Monday, January 13, 2014

North Korea tops Open Doors World Watch List again

North Korea has retained its title as the worst country for the persecution of Christians in Open Doors' annual list of the worst countries for Christian persecution globally.

It is the 12th year in a row that North Korea has been ranked as the single most anti-Christian country in the world.

With between 50,000 and 70,000 Christians in the county's concentration camps, labour camps, prisons, or prison camps, it could be regarded as something of a miracle that there are still an estimated 400,000 believers in the North Korean underground church.

Under the brutal and oppressive reign of the Kim family, Christians have been singled out for harsh punishments and imprisonment.

The punishment for owning a Bible or even just being found with one is either execution or a lifelong prison sentence.

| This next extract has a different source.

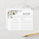 Die elegante Script Winter Brautparty Recipe Card vereint Tradition und Saisoncharakter. Die Karte mit raffinierten Schriftzeichen und zarten Wintergrün-Elementen lädt die Gäste dazu ein, ihre Lieblingsrezepte zu teilen und so einen sinnvollen Sake für die zukünftige Braut zu schaffen. Ideal für Winterduschen mit einem gemütlichen, botanischen Thema, ergänzen diese Karten nahtlos das Dekor Ihres Events und ermutigen zu persönlichen Beiträgen zur neuen kulinarischen Reise des Paares. Wenden Sie sich an den Designer, um passende Produkte, Farbvarianten oder einfache Designänderungen zu erhalten. Copyright Anastasia Surridge, alle Rechte vorbehalten. BITTE BEACHTEN SIE: DIESE RECIPE-KARTE WIRD NICHT IN DER QUADRATIE-INVITATION-UMGEBUNG PASSIERT, DAHER MÜSSEN SIE DIE VERTIKALE 12x18"-ENTWICKLUNG DER ENTSPRECHENDEN EINLADUNG BESTELLEN, MIT DIESER RECIPE-KARTE ZU GEHEN: https://www.zazzle.com/winter_evergreen_elegant_bridal_shower_invitation-256365369901036883
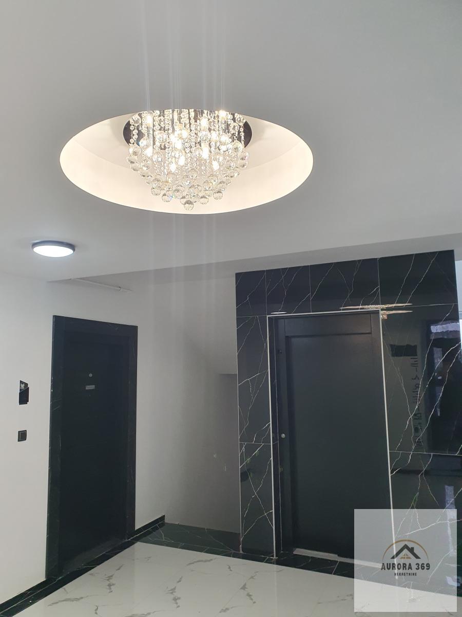 Prelep kristalni luster u hodniku uz crni mermer učiniće od svakog ulaska u zgradu poseban doživljaj.

On occasion, such a judgement can even become a multi-generational punishment, with prisoners being forced into arranged marriages by the guards and any resulting children also being imprisoned. It is reportedly often the case that only the third generation of prison children will get to see freedom.

This year's list has been described by Open Doors USA President/CEO Dr. David Curry said the issue of persecution was routinely ignored by the international community despite the fact that "Christians are the largest persecuted minority in the world".

The list is based on how free Christians are to practise their faith in the spheres of private, family, community, national and church life. In addition, there is a sixth sphere measuring the degree of violence present in the country. 

The spheres are all counted equally, with an aim to highlight structural persecution, rather than specific incidents.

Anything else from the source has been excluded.